P-glycoprotein (Pgp) is the main efflux pump at the BBB potentially limiting tracer uptake. In order to determine if [¹¹C]SMW139 is a Pgp substrate, we performed a biodistribution and imaging study in normal Wistar rats with and without injection of the Pgp inhibitor tariquidar. Quantification of PET imaging showed identical time activity curves for [¹¹C]SMW139 in the brain for both scans. The biodistribution study showed that brain uptake of [¹¹C]SMW139 was comparable with and without tariquidar (≈ 0.4 %ID/g) (Fig. 1d–f).

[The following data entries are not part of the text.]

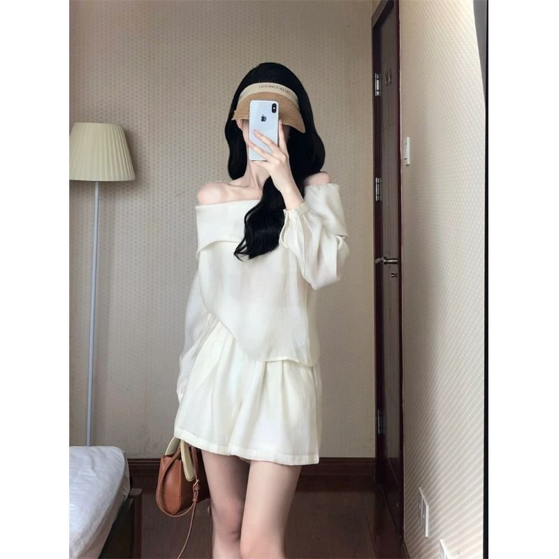 Pure Desire アプリコット ジェントルスタイル ファッションスーツ レディース 2025年春新作 ワンラインカラーシャツ ワイドレッグショーツ 2点セット
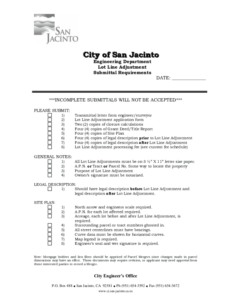 City of San Jacinto Engineering Department Lot Line Adjustment Submittal RequirementsDATE: ___***INCOMPLETE SUBMITTALS WILL NOT BE ACCEPTED*** PLEASE SUBMIT: 1) 2) 3) 4) 5) 6) 7) 8)Transmittal letter
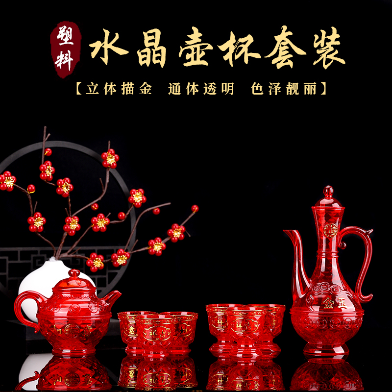 敬神拜拜茶酒杯红色塑料摆供拜老爷财神供佛供佛佛前酒壶茶壶碗筷
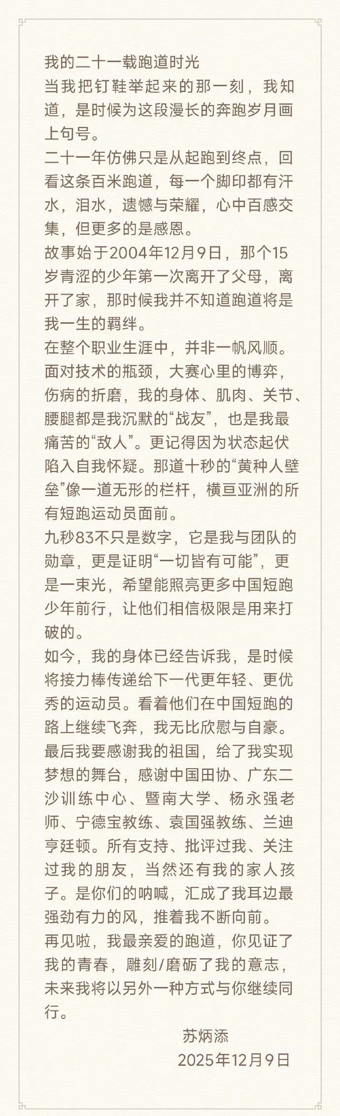他出生在中山农村,2009年考进暨南大学读经济学。边上学边训练,后来拿了硕士,在学校当老师。今年四月还被任命为体育学院院长。跑步二十一年,光破十秒就有十一次,东京奥运会那次半决赛跑出九秒八三,这成绩放在历史上都能进前一百。
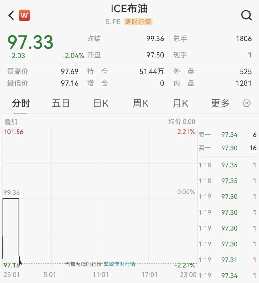 4月14日,国际原油期货直线下跌,布伦特原油日内跌超2%,现报97.33美元/桶。
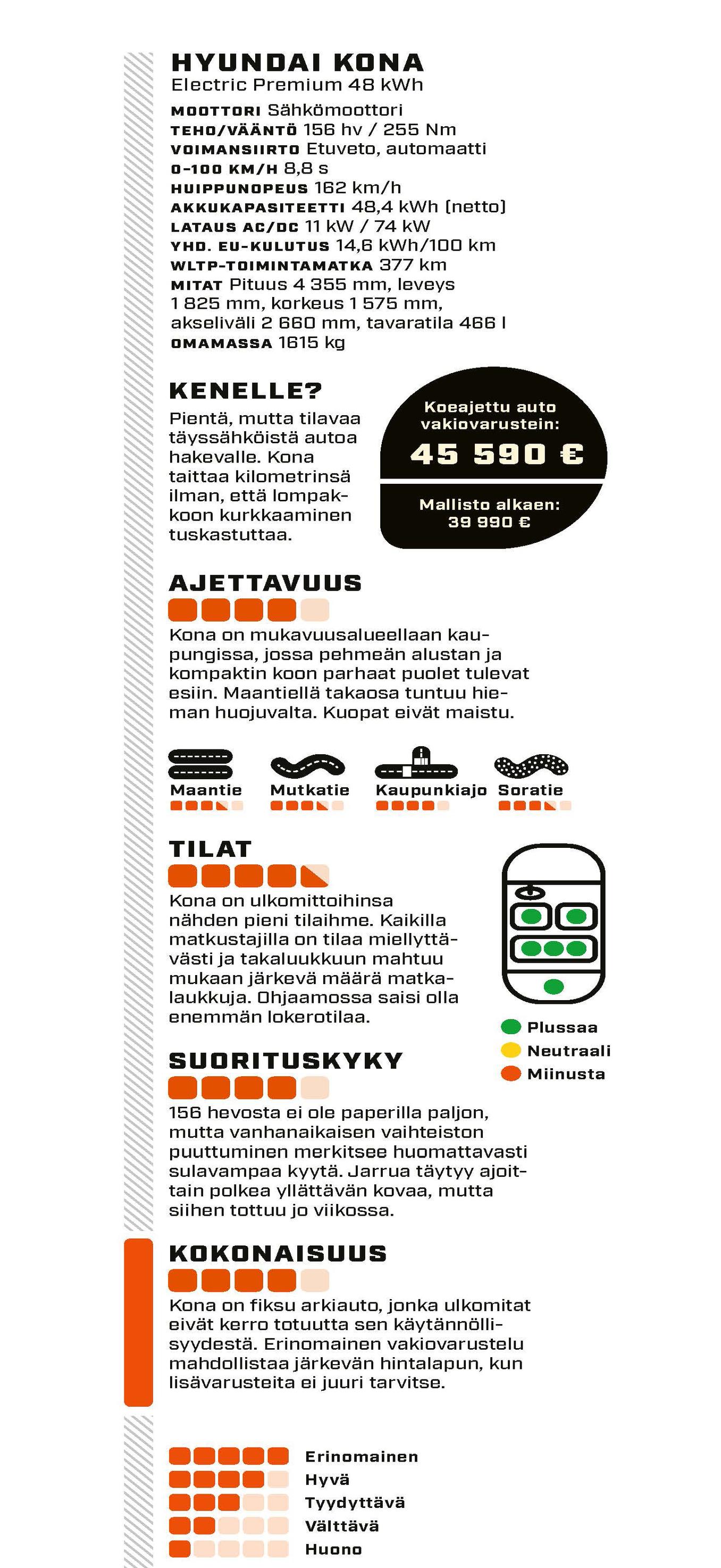 Jos ja kun erinäköisistä piippauksista pääsee ylitse, on aika keskittyä Konan erinomaiseen tarjontaan. Kojelaudan suuret näytöt tulevat vakiona varustetasosta riippumatta. Sama koskee ratinlämmitystä, latausluukun lämmitystä, akuston esilämmitystä ja mukautuvaa vakionopeudensäädintä. Tässähän tuntuu olevan jo hyvä paketti tulevan talven varalle. Konaa on myyty reilussa kuudessa vuodessa yli 100 000 kappaletta Eurooppaan, eikä horisontissa ole syytä miksei sama tahti voisi jatkua. Toisaalta myös kilpailu on koventunut keskikokoisten sähköautojen rintamalla.
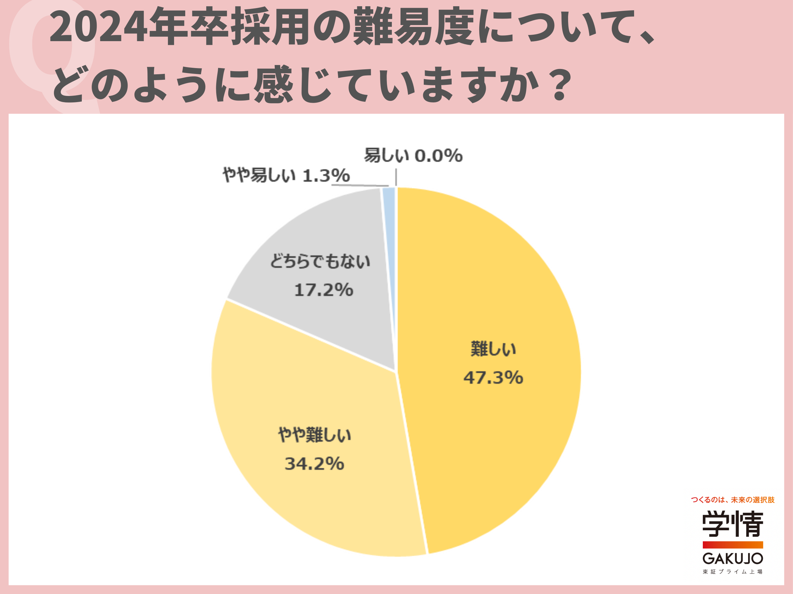 2024年卒採用では、3年生の3月末時点で「内定率」が5割に迫るなど、学生優位な売り手市場感が強まっています。企業は、2024年卒採用の難易度をどのように捉えているかアンケートを実施しました。
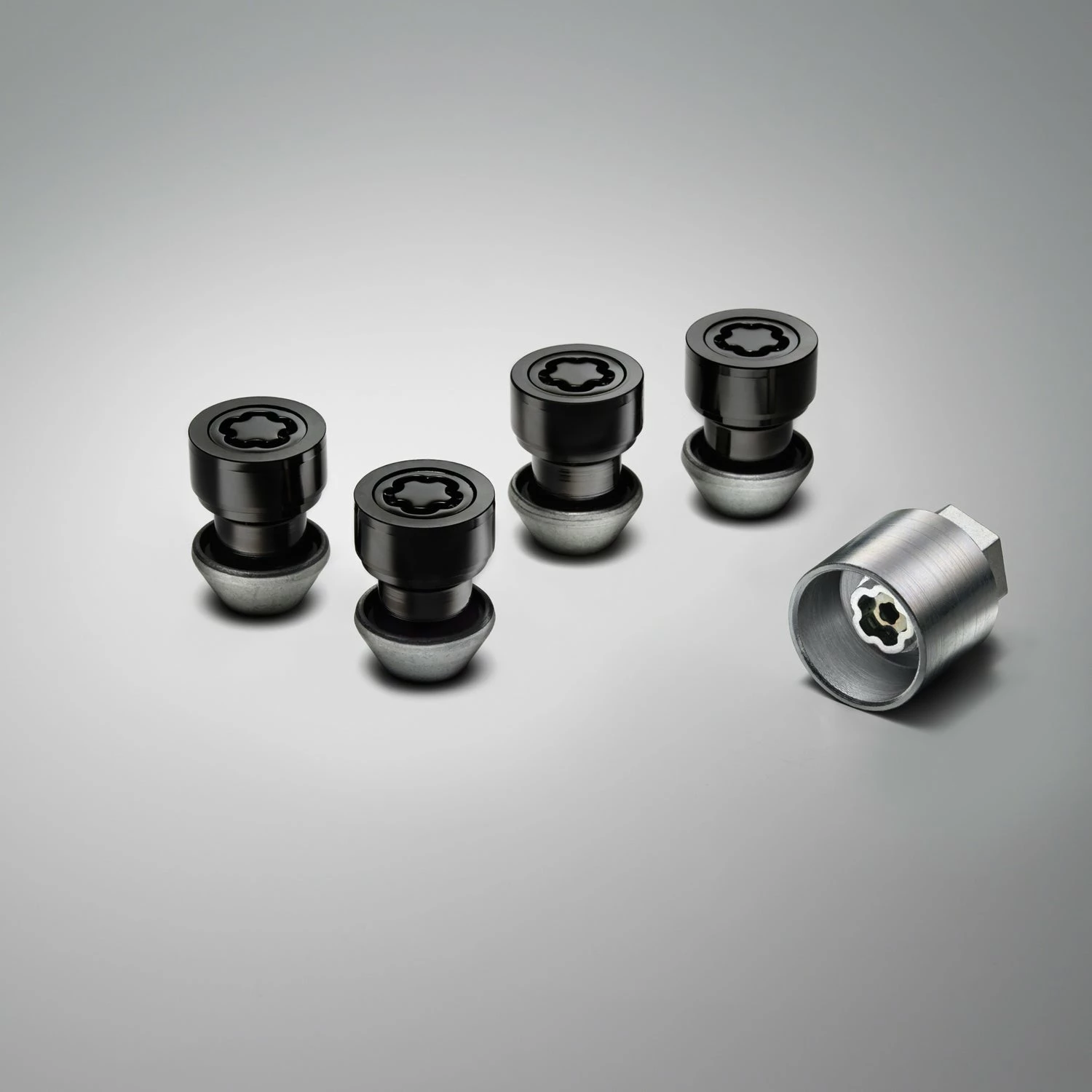 Das schwarz glänzende Set besteht aus vier Muttern und einem Schlüssel.

EAE model and study design

The severity of the EAE developed in the Lewis rats was heterogeneous, and four of the animals had an unexpected relapse after the initial EAE phase. Before the PET imaging analysis, rats were divided into three groups based on the day of incidence, severity of the clinical signs, the length of the first clinical period, and the presence of relapses. Seven rats developed mild EAE, six rats developed severe acute EAE, and nine rats developed severe-relapsing EAE including four relapsing rats. One EAE rat did not develop any clinical signs (Fig. 2a–d). One group immunized with CFA (n = 4) was used as control for PET imaging. All EAE rats were imaged at the peak of the EAE (maximum of the clinical signs) and at the recovery phase. Five rats of the severe-relapsing group were additionally imaged during the relapsing phase (days 24–26 post-immunization) including 2/5 that relapsed and 3/5 with no relapse. The CFA control group was imaged at the same time post-immunization as the EAE rats for comparison. The intervention overview for the different groups is summarized in Fig. 2e–i.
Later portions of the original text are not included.